INSTRUCTIONS FOR THE TASK -
Using the data below, return word for word every line from the one holding "Oversize-кардиган с вышитыми" down to the one holding "11、包上红豆馅,收紧封口,压扁,直径约9厘米。". Leave pictures out.

MATERIAL TO PROCESS -
#####

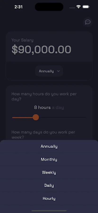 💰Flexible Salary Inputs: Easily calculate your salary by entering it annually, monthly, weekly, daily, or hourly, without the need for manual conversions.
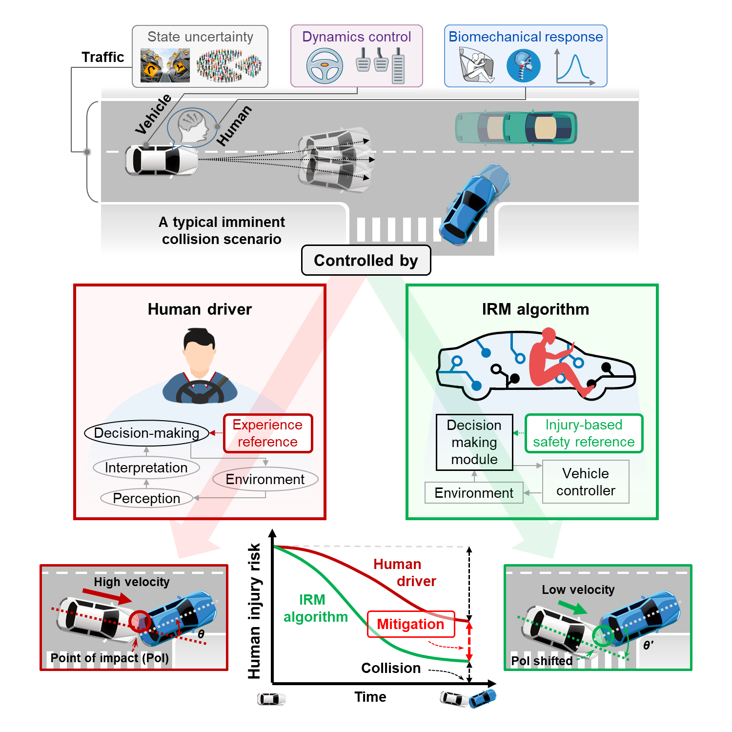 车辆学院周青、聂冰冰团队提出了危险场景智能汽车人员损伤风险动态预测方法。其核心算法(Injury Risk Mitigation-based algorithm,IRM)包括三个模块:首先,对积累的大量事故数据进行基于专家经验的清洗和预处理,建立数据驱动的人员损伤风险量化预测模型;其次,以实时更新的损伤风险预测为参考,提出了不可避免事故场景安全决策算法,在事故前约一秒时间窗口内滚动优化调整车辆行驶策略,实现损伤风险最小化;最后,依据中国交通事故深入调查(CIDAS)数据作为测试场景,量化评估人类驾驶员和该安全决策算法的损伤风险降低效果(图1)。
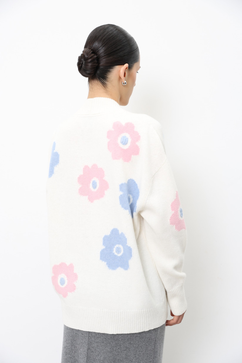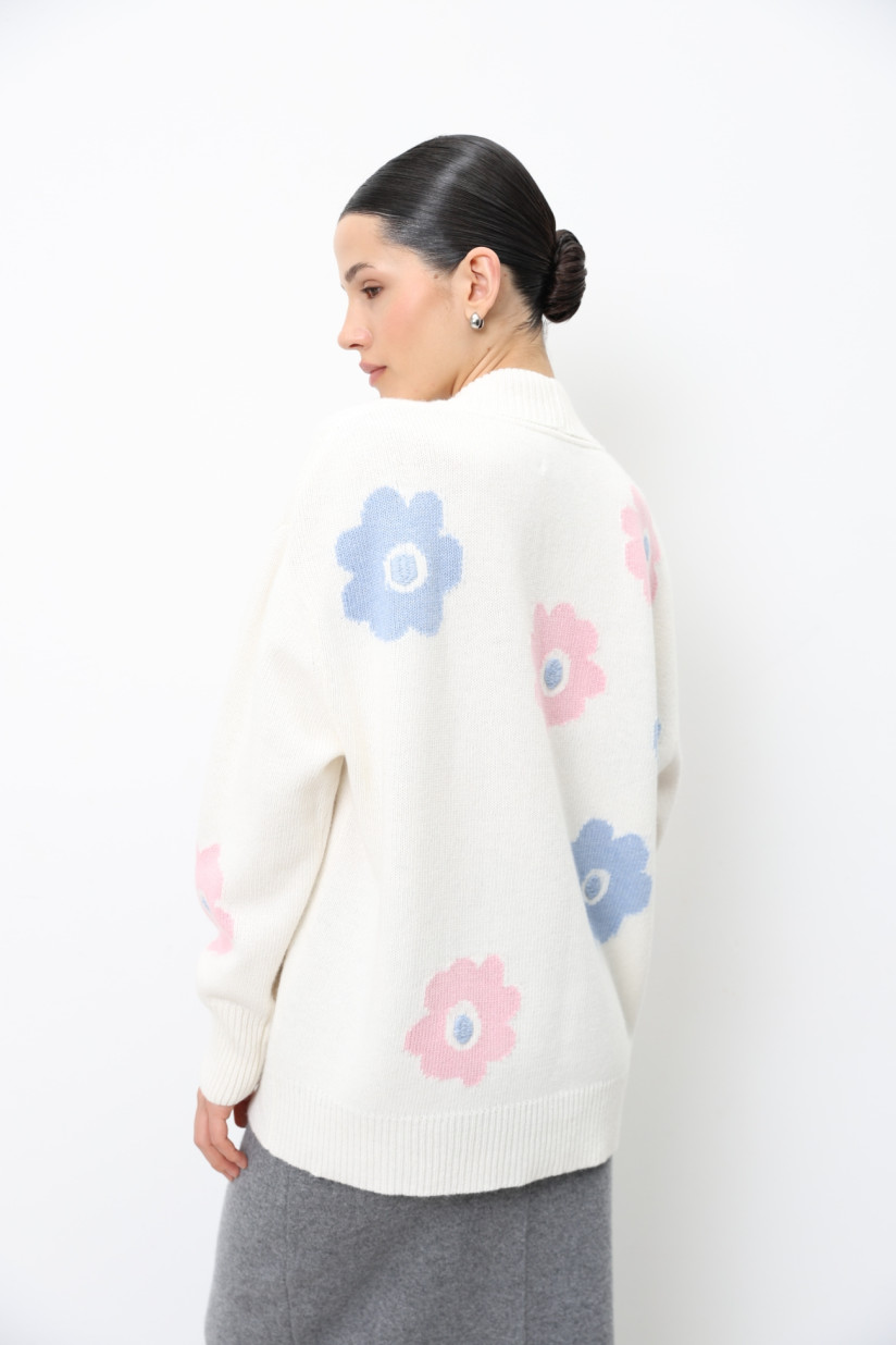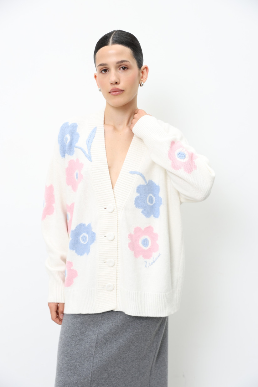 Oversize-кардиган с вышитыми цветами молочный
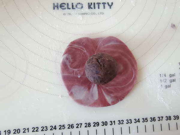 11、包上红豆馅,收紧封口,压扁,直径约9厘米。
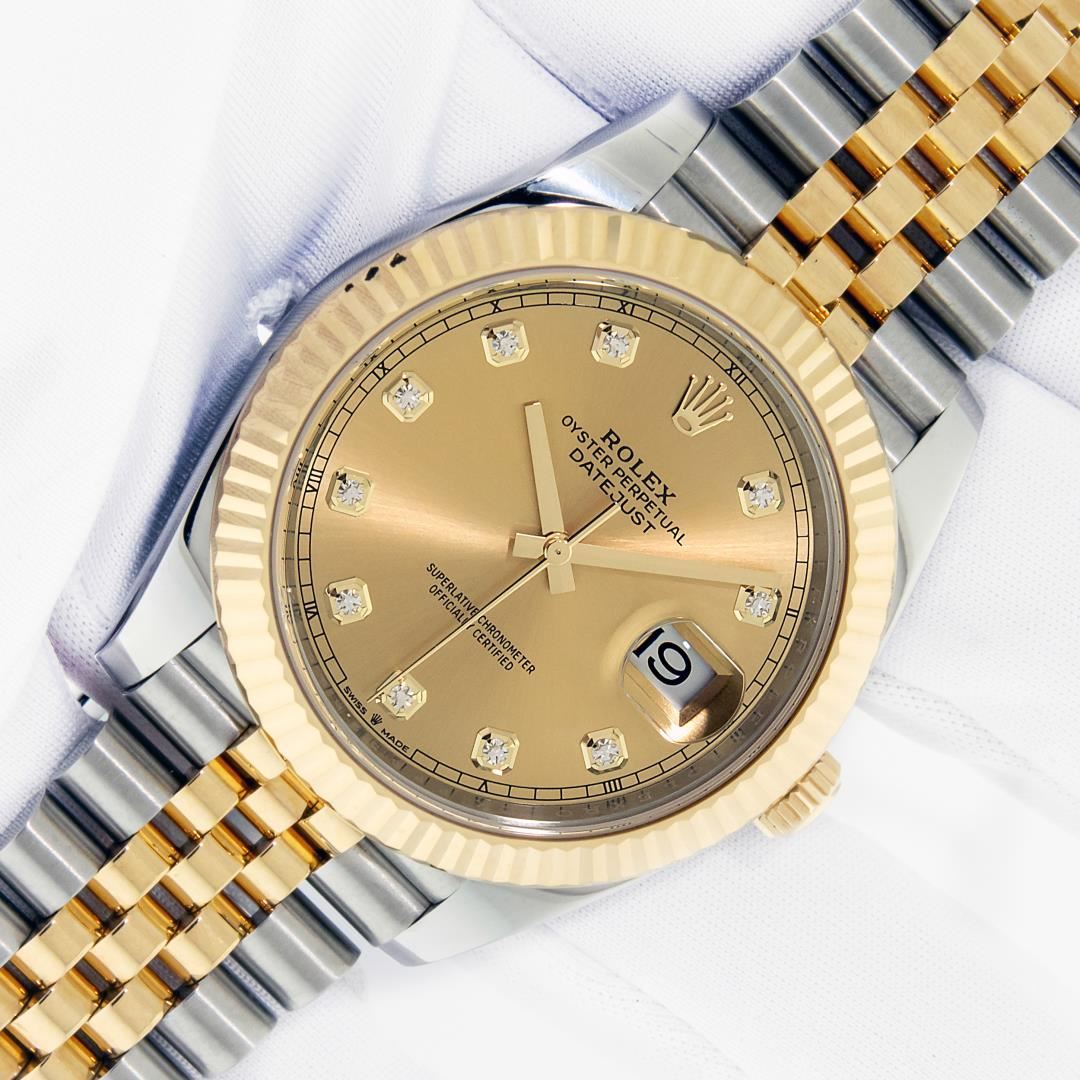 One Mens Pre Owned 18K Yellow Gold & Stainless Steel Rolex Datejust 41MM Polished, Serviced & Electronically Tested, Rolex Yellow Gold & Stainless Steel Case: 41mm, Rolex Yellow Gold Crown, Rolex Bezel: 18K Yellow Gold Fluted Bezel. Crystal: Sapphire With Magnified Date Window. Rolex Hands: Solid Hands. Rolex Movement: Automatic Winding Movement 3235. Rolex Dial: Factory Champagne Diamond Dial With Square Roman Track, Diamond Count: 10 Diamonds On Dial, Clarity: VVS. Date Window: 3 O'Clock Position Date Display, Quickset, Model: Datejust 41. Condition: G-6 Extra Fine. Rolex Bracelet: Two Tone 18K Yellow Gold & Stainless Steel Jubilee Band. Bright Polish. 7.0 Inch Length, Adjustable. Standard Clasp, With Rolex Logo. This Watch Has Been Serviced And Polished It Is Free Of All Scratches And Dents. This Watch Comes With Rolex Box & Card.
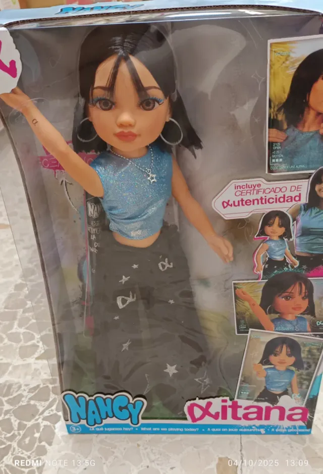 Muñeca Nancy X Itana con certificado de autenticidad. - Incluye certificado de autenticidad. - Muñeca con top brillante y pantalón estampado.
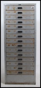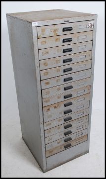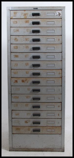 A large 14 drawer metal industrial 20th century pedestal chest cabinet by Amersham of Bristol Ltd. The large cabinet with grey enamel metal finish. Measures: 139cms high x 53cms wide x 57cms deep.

#####

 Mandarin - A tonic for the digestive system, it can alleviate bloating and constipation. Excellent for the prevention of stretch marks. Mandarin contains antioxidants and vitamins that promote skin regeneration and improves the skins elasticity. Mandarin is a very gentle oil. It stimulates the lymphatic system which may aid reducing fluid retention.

#####

SOLUTION TO THE EXERCISE -
 Oversize-кардиган с вышитыми цветами молочный
 11、包上红豆馅,收紧封口,压扁,直径约9厘米。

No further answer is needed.